The truth about hummingbirds’ tubular tongues

In many ways, hummingbirds are the bird equivalent of a high-performance sports car. They look amazing, have incredible speed and unmatched maneuverability. However, this performance comes a prices, and these birds guzzle fuel at incredible rates, needing to consume up to three times their own body weight in nectar every day. Those kind of metabolic demands don’t leave you much time to linger on a meal, which is why researchers were recently questioning long-held assumptions about how hummingbirds actually eat.
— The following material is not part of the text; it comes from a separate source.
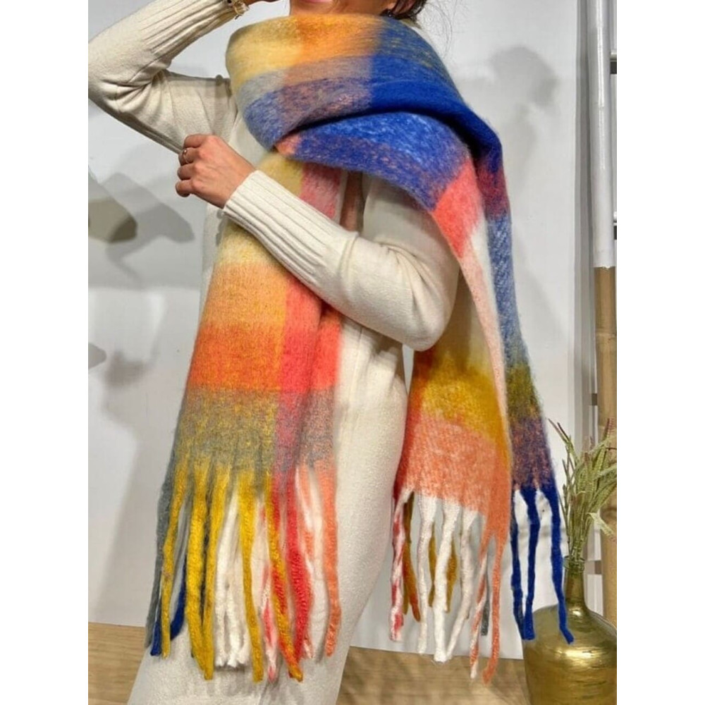 - Bufanda rectangular con cuadros de colores y flecos en los extremos... ¡¡súper calentita!! ❤

Nobody wants a tongue like a paper-towel

Early studies of hummingbird feeding focused on the shape of the birds’ tongues. The long, thin tongues are forked, with each side curled up like two, parallel drinking straws. The tiny openings were assumed to be conducive to capillary action, wherein nectar would be wicked up the tongue to the mouth. The problem was that eating this way would be very slow by hummingbird standards, and so researchers decided it was time to get some direct observations of what these tongues are actually doing.

Very active eaters

To observe an animal that can lick a flower 20 times per second, high speed cameras were needed, as were some artificial, transparent flowers. Eventually, 18 species of hummingbird were filmed feeding from the clear flowers, and researchers could see what they were actually doing with their tongues to get nectar. Videos revealed that inward motions flatten the tube-structures, squeezing trapped nectar into the bird’s mouth. As the tongue goes back out, the tubes open up again, drawing up another dose of liquid. If a human using a drinking straw can be considered a basic pump, hummingbirds are using two, very fast micro-pumps to quickly get the desired sugar from each flower they visit.

Aside from setting the record straight on a mechanism that’s been misunderstood for over 150 years, this information will help us better estimate the ecological impact on hummingbirds. It can also help our understanding of other long-tongued birds, as well as inform human engineering efforts.